-- Description of the task --
Omit any picture, and return the remaining data exactly as written.

-- Data excerpt --

★ ★ ★ ★ ★ ★ ★

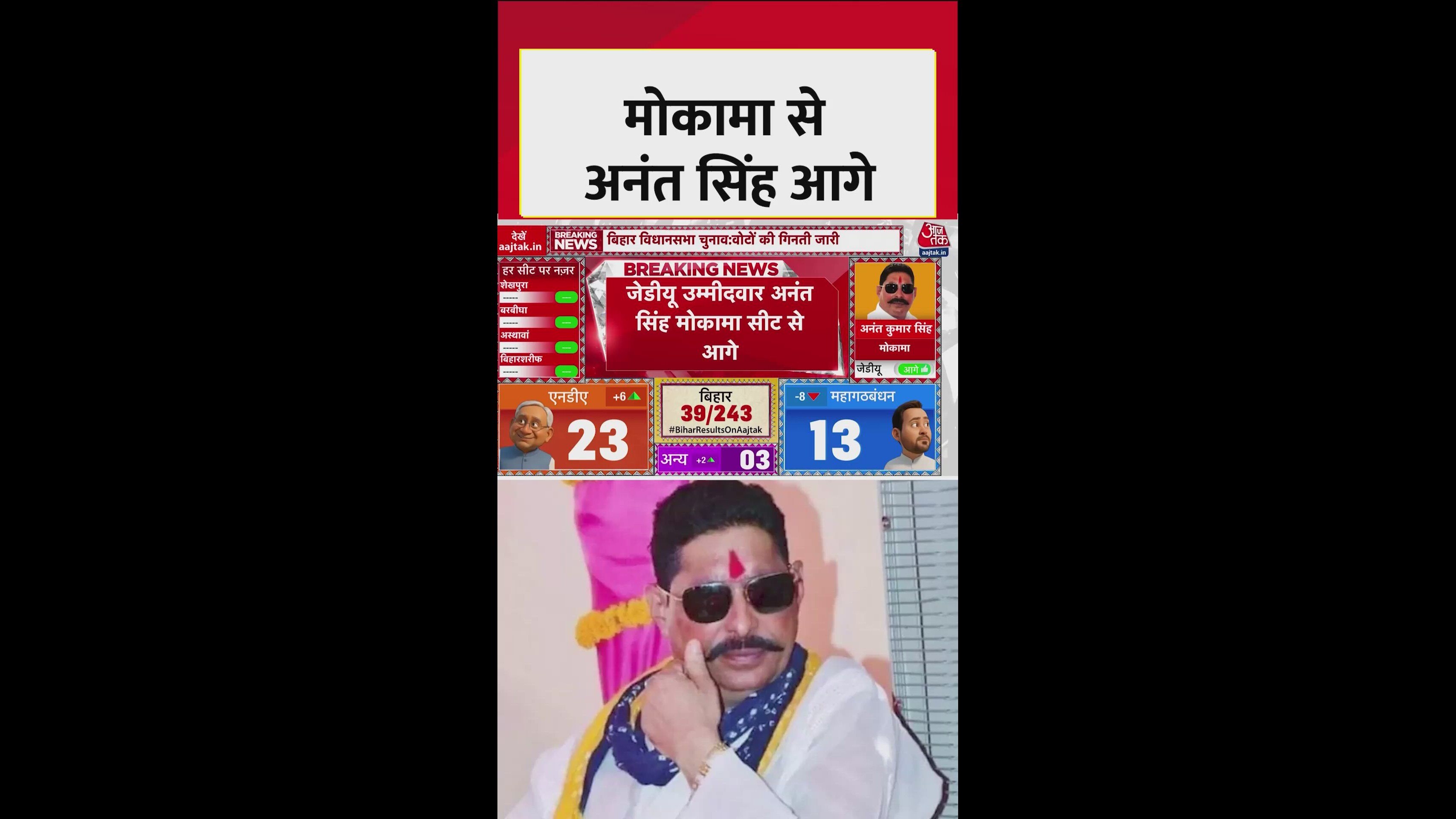मोकामा विधानसभा सीट पर जेडीयू के अनंत सिंह बड़ी बढ़त बनाए हुए हैं. उनके और राजद उम्मीदवार सूरजभान सिंह के बीच सियासी टकराव काफी तेज है. यह सीट भूमिहार बाहुल्य क्षेत्र माना जाता है जहां बाहुबली नेताओं की भूमिका चुनाव को और संग्रामपूर्ण बनाती है.
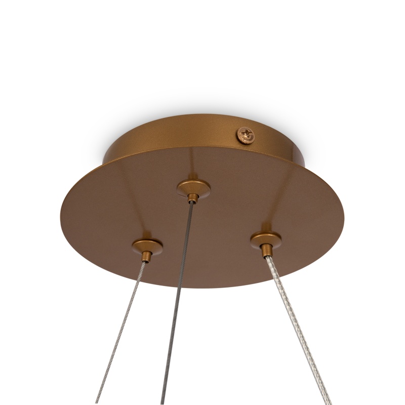Арматура из металла в двух оттенках: черный и золото. Плафоны из матового выдувного стекла крепятся к металлическим дугам. Высота регулируется с помощью тросов.
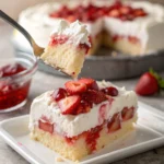 This strawberries and cream poke cake gives you a soft vanilla cake soaked with strawberry flavor, then topped with a fluffy cream layer and fresh berries. It feeds a crowd, slices clean, and tastes even better after a long chill, which makes it perfect for summer parties.
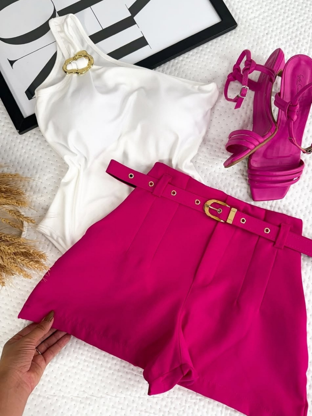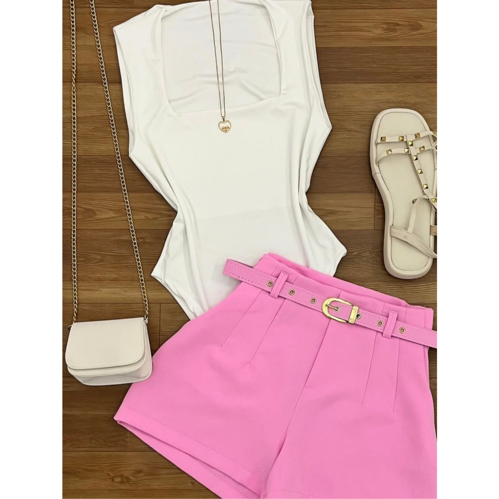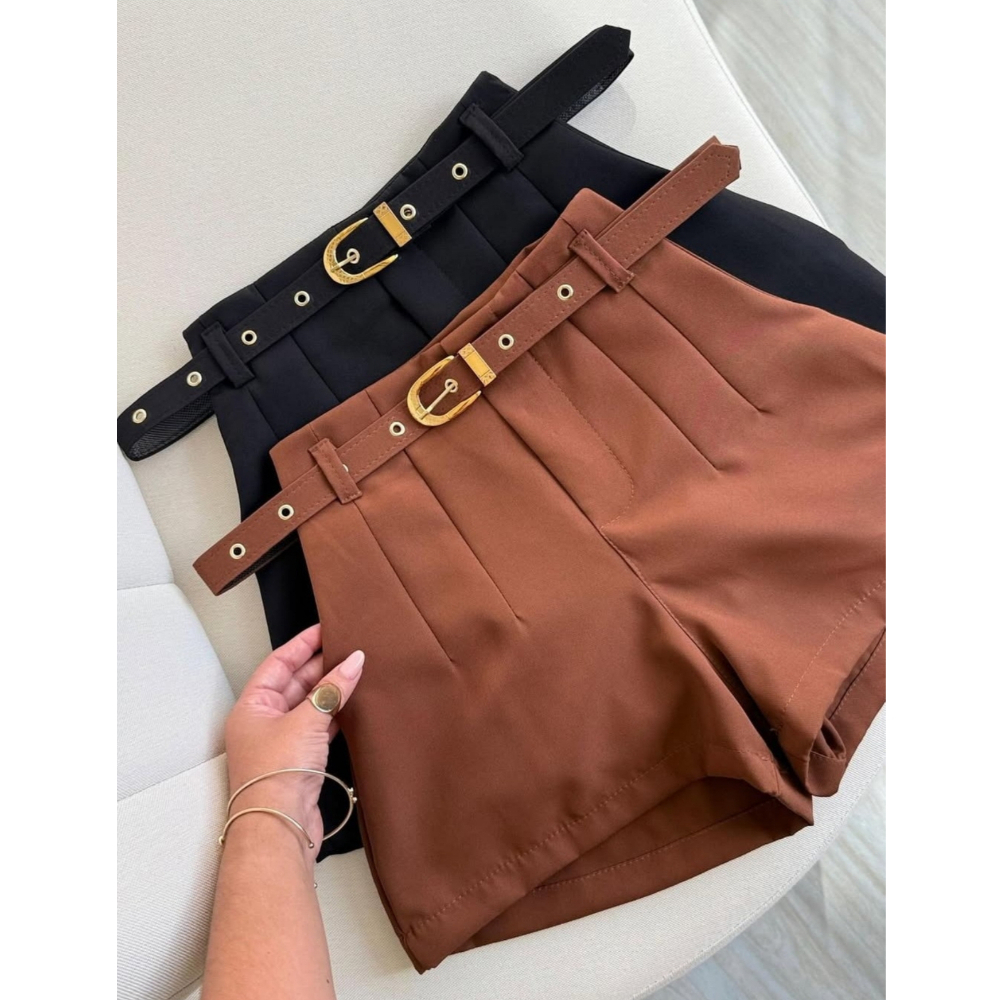 Short Feminino Social Alfaiataria Com Cinto Forrado do P ao GG

★ ★ ★ ★ ★ ★ ★

-- Exercise response --
मोकामा विधानसभा सीट पर जेडीयू के अनंत सिंह बड़ी बढ़त बनाए हुए हैं. उनके और राजद उम्मीदवार सूरजभान सिंह के बीच सियासी टकराव काफी तेज है. यह सीट भूमिहार बाहुल्य क्षेत्र माना जाता है जहां बाहुबली नेताओं की भूमिका चुनाव को और संग्रामपूर्ण बनाती है.
Арматура из металла в двух оттенках: черный и золото. Плафоны из матового выдувного стекла крепятся к металлическим дугам. Высота регулируется с помощью тросов.
 This strawberries and cream poke cake gives you a soft vanilla cake soaked with strawberry flavor, then topped with a fluffy cream layer and fresh berries. It feeds a crowd, slices clean, and tastes even better after a long chill, which makes it perfect for summer parties.
 Short Feminino Social Alfaiataria Com Cinto Forrado do P ao GG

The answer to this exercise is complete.